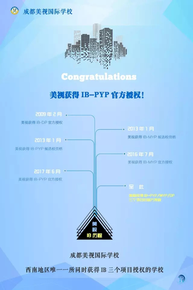 成都美視師一學校前身為成都美視學校,是成都市首批老牌民辦學校。學校于2002年經四川省教育廳批準投資建成,是一所從幼兒園至高中全學段的國家課程和融合教育雙軌制、K12、高品質、寄宿式的私立學校。辦學以來,學校一直堅持多元化教育,融合創新,取得了令人矚目的辦學成績,獲得了IB(國際文憑)授權,并通過了美國中部院校聯盟(MSA-CESS)、美國私立學校委員會(NCPAS)及認證國際(Ai)等世界領先教育機構的資格認證。同時,我們也獲得了美國大學理事會(College Board)授權開設AP課程,成為真正享有世界認可的國際學校。
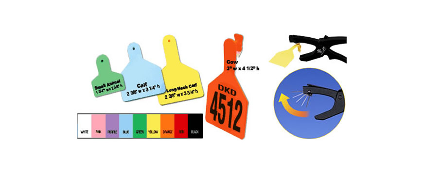 » Disponible en 4 tamaños (para vacas, becerros, arete cuello largo y animales pequeños).
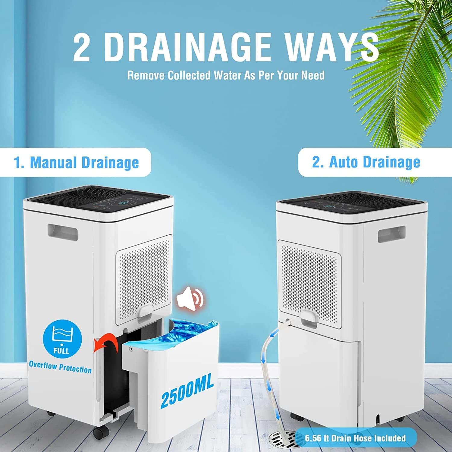 - 💦 [Facile à utiliser avec un tuyau de vidange gratuit] Pas besoin d’acheter un tuyau d’arrosage, le déshumidificateur COLAZE avec tuyau de vidange (6,5 pi de long) peut se vidanger automatiquement en continu par gravité. Ou, il s’éteindra automatiquement lorsque le réservoir d’eau (0,66 gallon/2,5 L) est plein pour éviter tout débordement. Ce déshumidificateur avec une minuterie de 24 heures à prérégler pour allumer/éteindre l’unité et une fonction de dégivrage automatique : il peut détecter le besoin de dégivrage et traiter le dégivrage automatiquement.
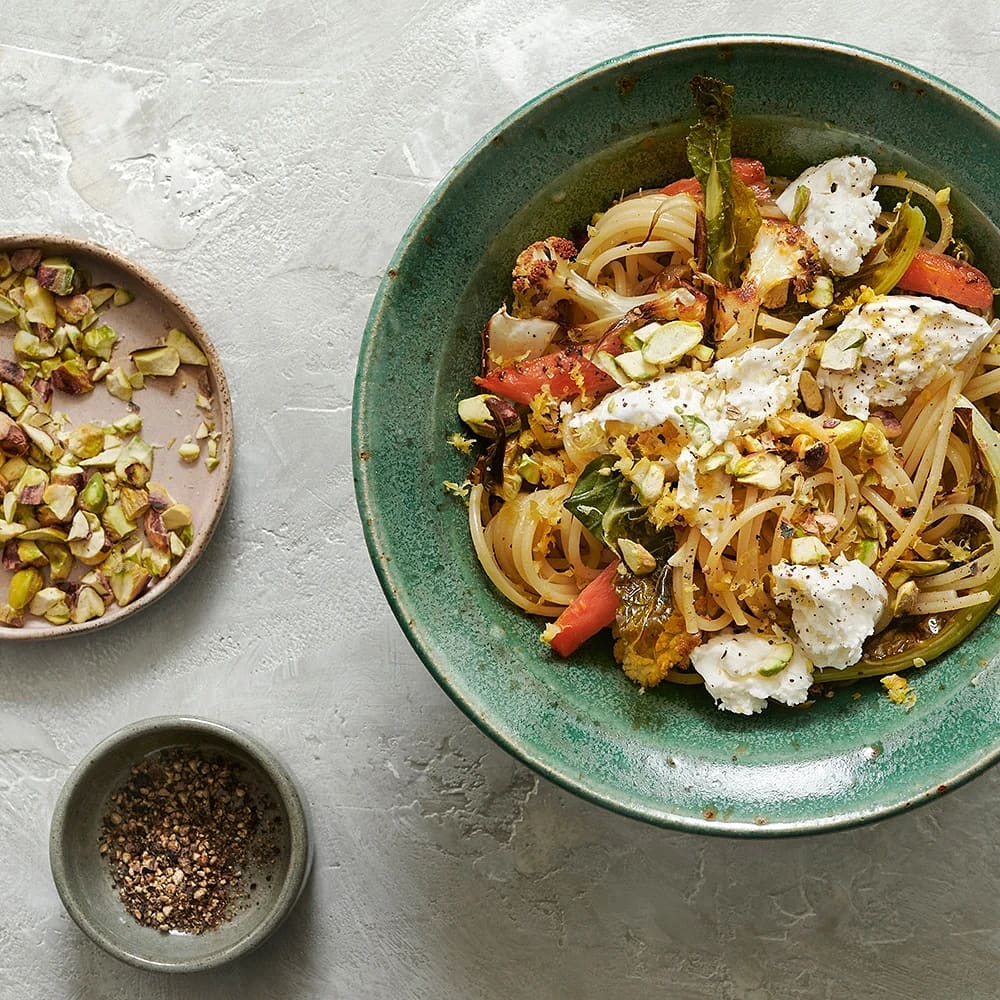 Vegetarisk pastarätt med rostade grönsaker
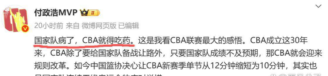 媒体人付政浩针对这一情况撰写长文指出:“国家队出了问题,CBA就得接受调整,这是我对CBA的主要看法。” 他认为,近30年来,CBA除了要顾及国家队备战需求外,只要国家队成绩低于预期,便会引发对CBA规则的改革。中国篮协决定将CBA新赛季单节比赛时间缩短为10分钟,也可以算作是国家队连续无缘奥运会后的一项举措。
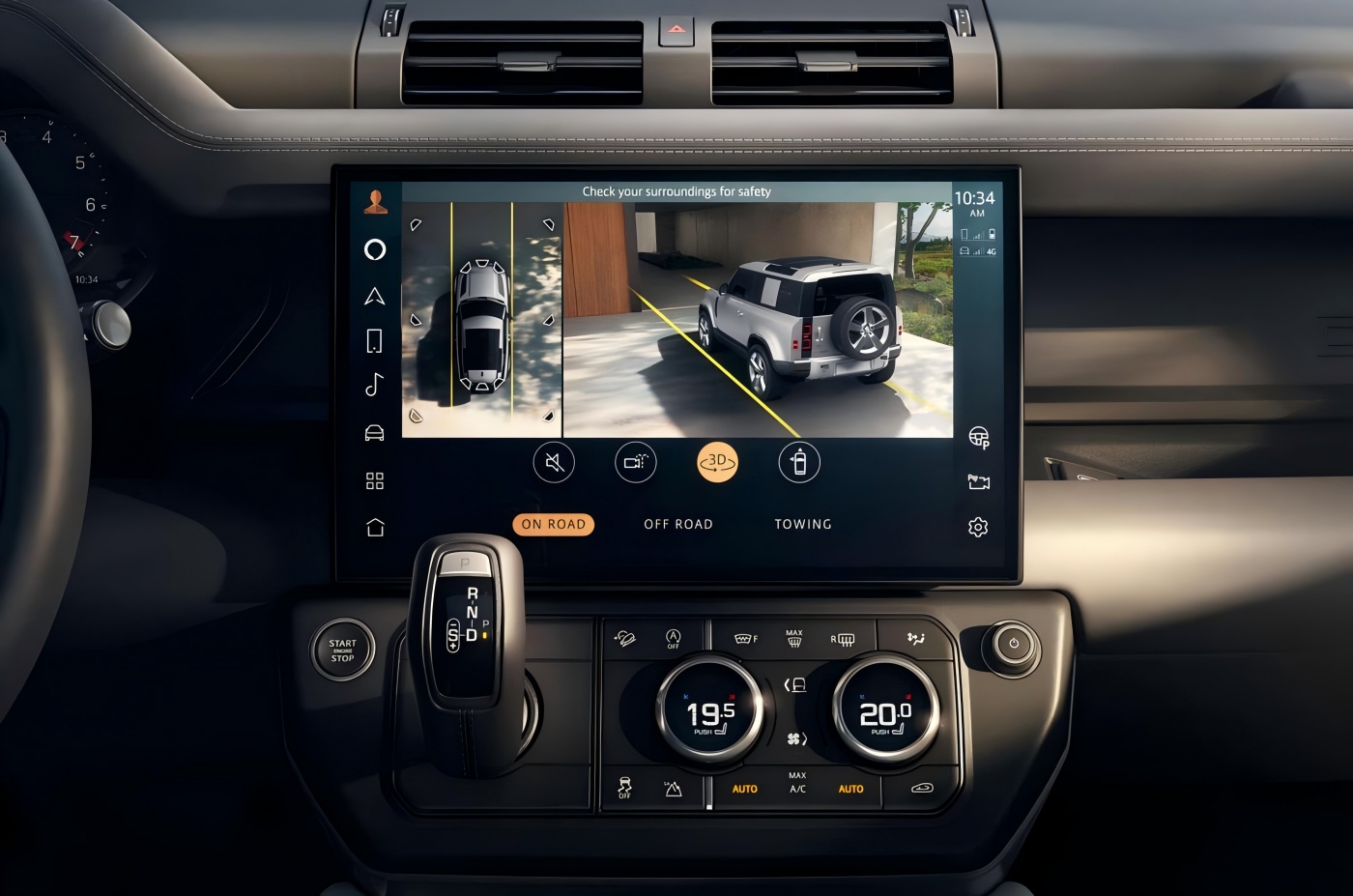 ภายใน. ในส่วนของภายใน เค้าโครงโดยรวมของรถใหม่ไม่ได้เปลี่ยนแปลงมากนัก ยังคงมาพร้อมแผงหน้าปัดคริสตัลเหลวเต็มรูปแบบ และพวงมาลัยมัลติฟังก์ชั่นแบบ 3 ก้าน หน้าจอแสดงผลมัลติมีเดียตรงกลางคอนโซลกลางได้รับการอัพเกรดจาก 11.4 นิ้ว เป็น 13.1 นิ้ว ในขณะเดียวกัน ยานพาหนะใหม่ได้เพิ่มระบบตรวจสอบผู้ขับขี่ ระบบการตรวจสอบนี้สอดคล้องกับกฎระเบียบของ EU GSR2 หากตรวจพบว่าคนขับไม่ใส่ใจถนนข้างหน้า ระบบจะส่งสัญญาณเตือนด้วยเสียงและวิดีโอ อย่างไรก็ตาม สามารถตั้งค่าระบบช่วยเหลือผู้ขับขี่เป็นปิดใช้งานได้ในตัวเลือกบนหน้าจอคอนโซลกลาง นอกจากนี้ ระบบควบคุมความเร็วคงที่แบบออฟโรดแบบปรับได้ของ Land Rover ยังถูกนำเสนอเป็นครั้งแรกบน Land Rover Defender ในรูปแบบอุปกรณ์เสริม
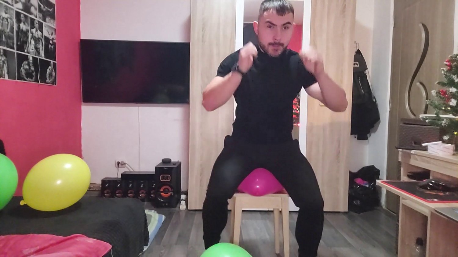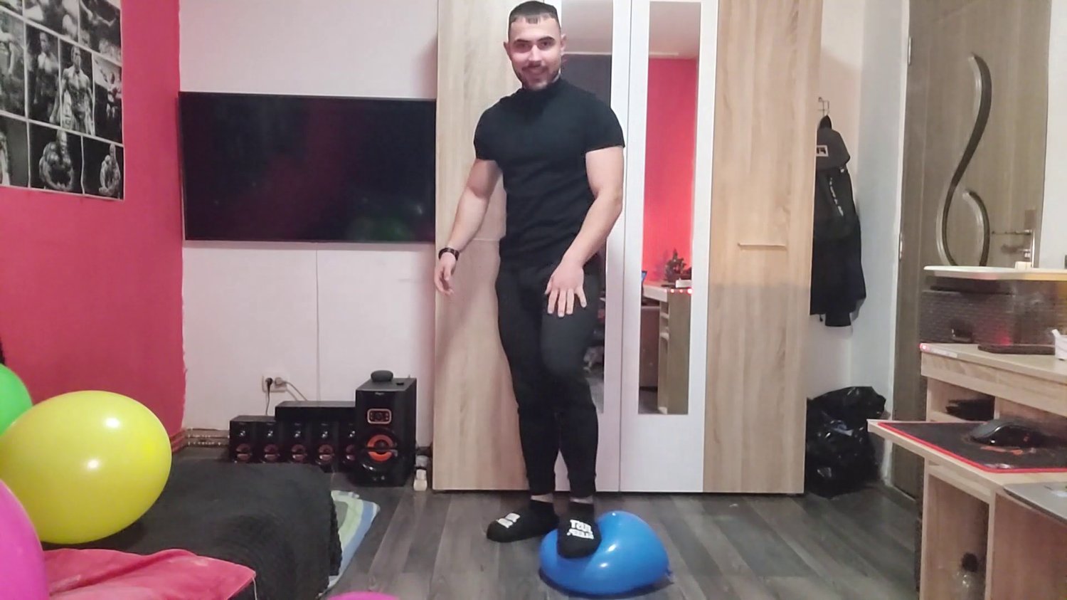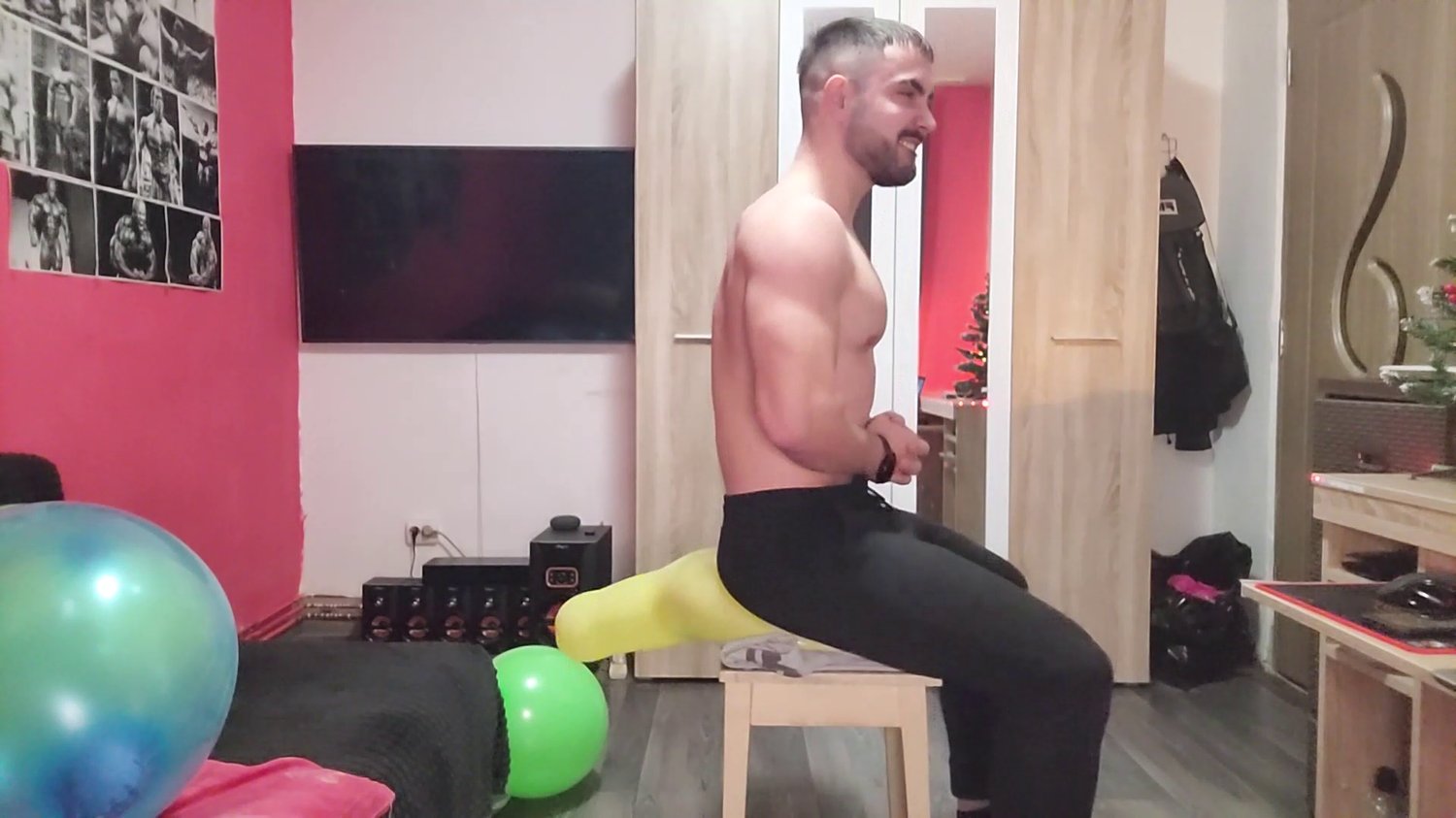 Sexy Elliot asked for more! He loves popping balloons so he decided to show how he destroys them with his feet and butt!

* [What is expected]:
None of the pictures should appear; the rest of the entries must be reproduced exactly.

* [Answer to the problem]:
 成都美視師一學校前身為成都美視學校,是成都市首批老牌民辦學校。學校于2002年經四川省教育廳批準投資建成,是一所從幼兒園至高中全學段的國家課程和融合教育雙軌制、K12、高品質、寄宿式的私立學校。辦學以來,學校一直堅持多元化教育,融合創新,取得了令人矚目的辦學成績,獲得了IB(國際文憑)授權,并通過了美國中部院校聯盟(MSA-CESS)、美國私立學校委員會(NCPAS)及認證國際(Ai)等世界領先教育機構的資格認證。同時,我們也獲得了美國大學理事會(College Board)授權開設AP課程,成為真正享有世界認可的國際學校。
 » Disponible en 4 tamaños (para vacas, becerros, arete cuello largo y animales pequeños).
 - 💦 [Facile à utiliser avec un tuyau de vidange gratuit] Pas besoin d’acheter un tuyau d’arrosage, le déshumidificateur COLAZE avec tuyau de vidange (6,5 pi de long) peut se vidanger automatiquement en continu par gravité. Ou, il s’éteindra automatiquement lorsque le réservoir d’eau (0,66 gallon/2,5 L) est plein pour éviter tout débordement. Ce déshumidificateur avec une minuterie de 24 heures à prérégler pour allumer/éteindre l’unité et une fonction de dégivrage automatique : il peut détecter le besoin de dégivrage et traiter le dégivrage automatiquement.
 Vegetarisk pastarätt med rostade grönsaker
 媒体人付政浩针对这一情况撰写长文指出:“国家队出了问题,CBA就得接受调整,这是我对CBA的主要看法。” 他认为,近30年来,CBA除了要顾及国家队备战需求外,只要国家队成绩低于预期,便会引发对CBA规则的改革。中国篮协决定将CBA新赛季单节比赛时间缩短为10分钟,也可以算作是国家队连续无缘奥运会后的一项举措。
 ภายใน. ในส่วนของภายใน เค้าโครงโดยรวมของรถใหม่ไม่ได้เปลี่ยนแปลงมากนัก ยังคงมาพร้อมแผงหน้าปัดคริสตัลเหลวเต็มรูปแบบ และพวงมาลัยมัลติฟังก์ชั่นแบบ 3 ก้าน หน้าจอแสดงผลมัลติมีเดียตรงกลางคอนโซลกลางได้รับการอัพเกรดจาก 11.4 นิ้ว เป็น 13.1 นิ้ว ในขณะเดียวกัน ยานพาหนะใหม่ได้เพิ่มระบบตรวจสอบผู้ขับขี่ ระบบการตรวจสอบนี้สอดคล้องกับกฎระเบียบของ EU GSR2 หากตรวจพบว่าคนขับไม่ใส่ใจถนนข้างหน้า ระบบจะส่งสัญญาณเตือนด้วยเสียงและวิดีโอ อย่างไรก็ตาม สามารถตั้งค่าระบบช่วยเหลือผู้ขับขี่เป็นปิดใช้งานได้ในตัวเลือกบนหน้าจอคอนโซลกลาง นอกจากนี้ ระบบควบคุมความเร็วคงที่แบบออฟโรดแบบปรับได้ของ Land Rover ยังถูกนำเสนอเป็นครั้งแรกบน Land Rover Defender ในรูปแบบอุปกรณ์เสริม
 Sexy Elliot asked for more! He loves popping balloons so he decided to show how he destroys them with his feet and butt!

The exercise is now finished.